I looked around. Sellers of rare and antiquarian books are often messy housekeepers, but even by those standards the conditions at Kurzmann’s were unforgivable. The framed prints and maps hanging from the walls were dusty and crooked. Several had cracked glass. The watermarked ceiling was beaded with moisture—a death sentence for all that cloth and pulp below—and the musty air smelled faintly of cat urine. Mounted on the wall behind the register was an ancient color engraving of Prince Metternich, Europe’s original celebrity power broker, the Kissinger of his day. He glared out at the merchandise in apparent disdain.
Creaking floorboards drew my attention toward the back, where a short balding man in an unbuttoned vest emerged from the gloom. A tape measure was draped around his neck, as if he were a tailor who’d been called away from his sewing.
“Yes?” he asked in English, pegging my nationality. He ignored the other customer, and looked surprised by my presence, which was odd given yesterday’s phone call.
“Are you Christoph?” I asked in German. He answered in the same language.
“Do I know you?”
“You telephoned yesterday about a special order. I’m Bill Cage.”
A book slapped to the floor in the aisle where the other man was browsing. He snatched up the dropped copy and glanced my way with a gleam in his eye, or maybe I imagined it. The only noise was the muffled sound of rush hour traffic from the Ring, half a block away.
“Ah, yes.” Christoph said. He shuffled toward the register. “Your book has arrived.”

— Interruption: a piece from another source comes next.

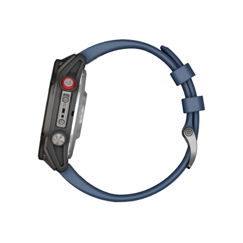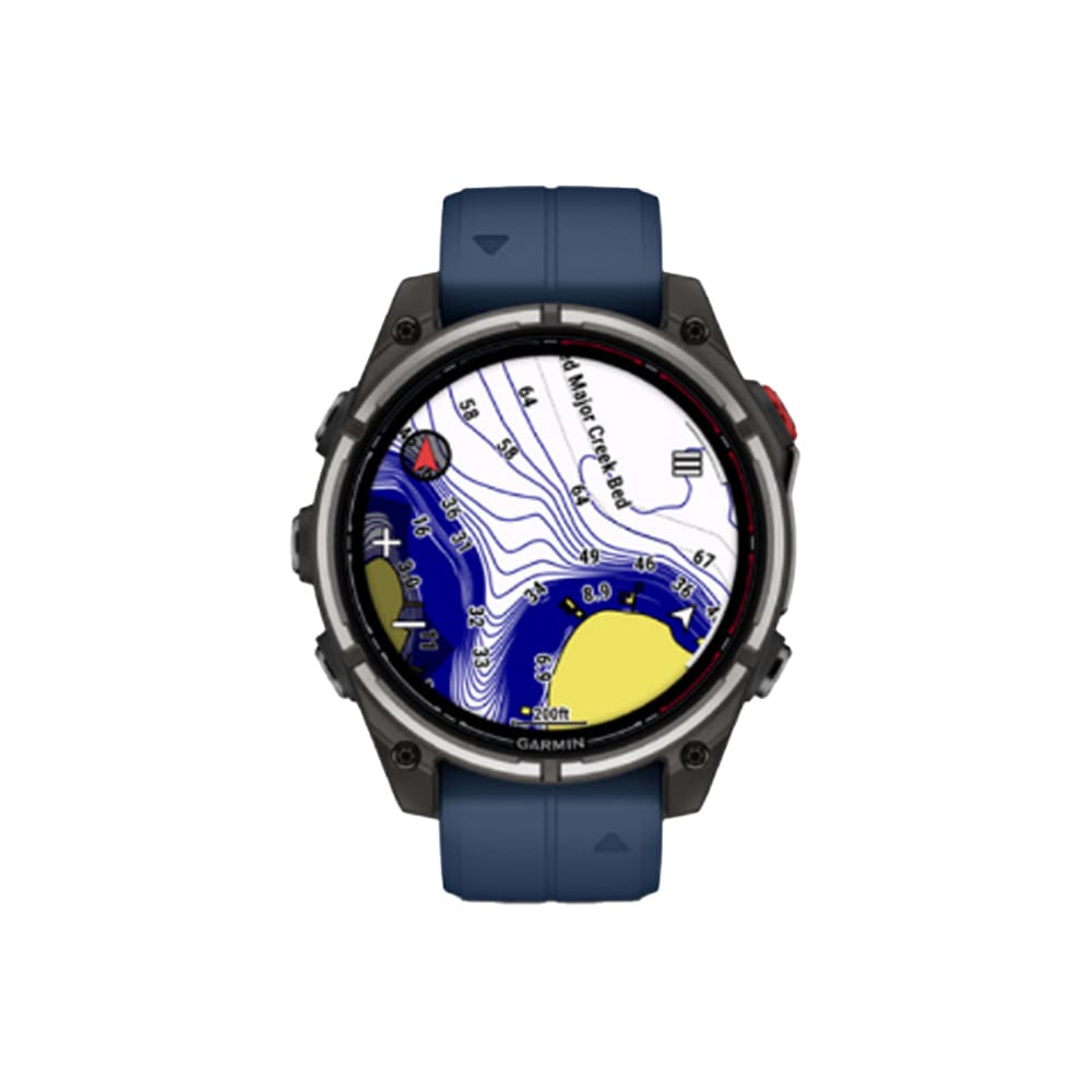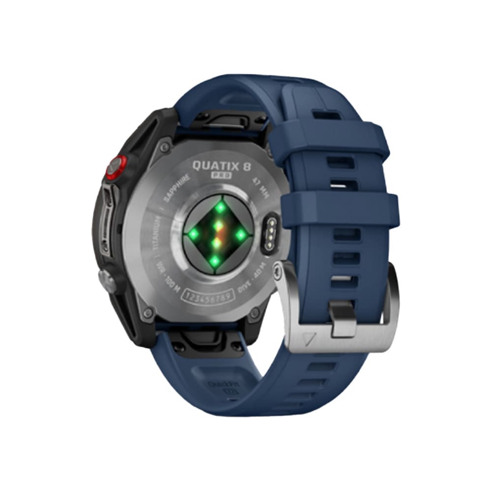 The Garmin Quatix 8 Pro 47mm LTE AMOLED Sapphire Nautical Smartwatch with Captain Blue silicone band is a premium marine‑focused smartwatch built to handle life on and off the water. It features a rugged 47mm fiber‑reinforced polymer case with a titanium bezel and sapphire crystal lens, a bright 1.4‑inch AMOLED display, and LTE + inReach satellite connectivity for two‑way messaging, location sharing, and emergency SOS capabilities without a phone. The watch offers advanced marine tools including boat mode with vessel management, autopilot control, and real‑time data streaming, plus comprehensive health and activity tracking, built‑in GPS, up to 15 days of battery life in smartwatch mode, and robust dive‑rated construction with water resistance to 10 ATM. It also includes a speaker and microphone for calls and voice commands, LED flashlight functionality, Garmin Pay contactless payments, and ample storage for maps, music, and apps, making it an all‑in‑one companion for seafarers and adventurers alike.

“For someone named Dewey, you said.”
He shot me a sidelong glance but said nothing.
“Well, is it or not?”
Stopping behind the counter, he glanced toward the harvester, who was working at a more deliberate pace than before. Then he glared at me and hissed beneath his breath: “Do you always conduct your business so sloppily?”
He quickly turned away and, with some effort, climbed a stepladder to a long shelf stuffed with books. Yellow labels scribbled with names poked from every copy, although the amount of dust suggested that most of the customers had either died or forgotten their orders. But my parcel looked clean as a whistle when he pulled it free. It was wrapped in brown butcher paper and tied with a crisscross of white string. Something about this presentation stirred a distant memory which I couldn’t quite place. The name “Dewey” was written on the butcher paper in black ink. Christoph handed it over, still glaring.
“Fifty euros, Mr.…?”
“Cage.”
“Yes. Mr. Cage.”
“Fifty? That’s practically seventy dollars.”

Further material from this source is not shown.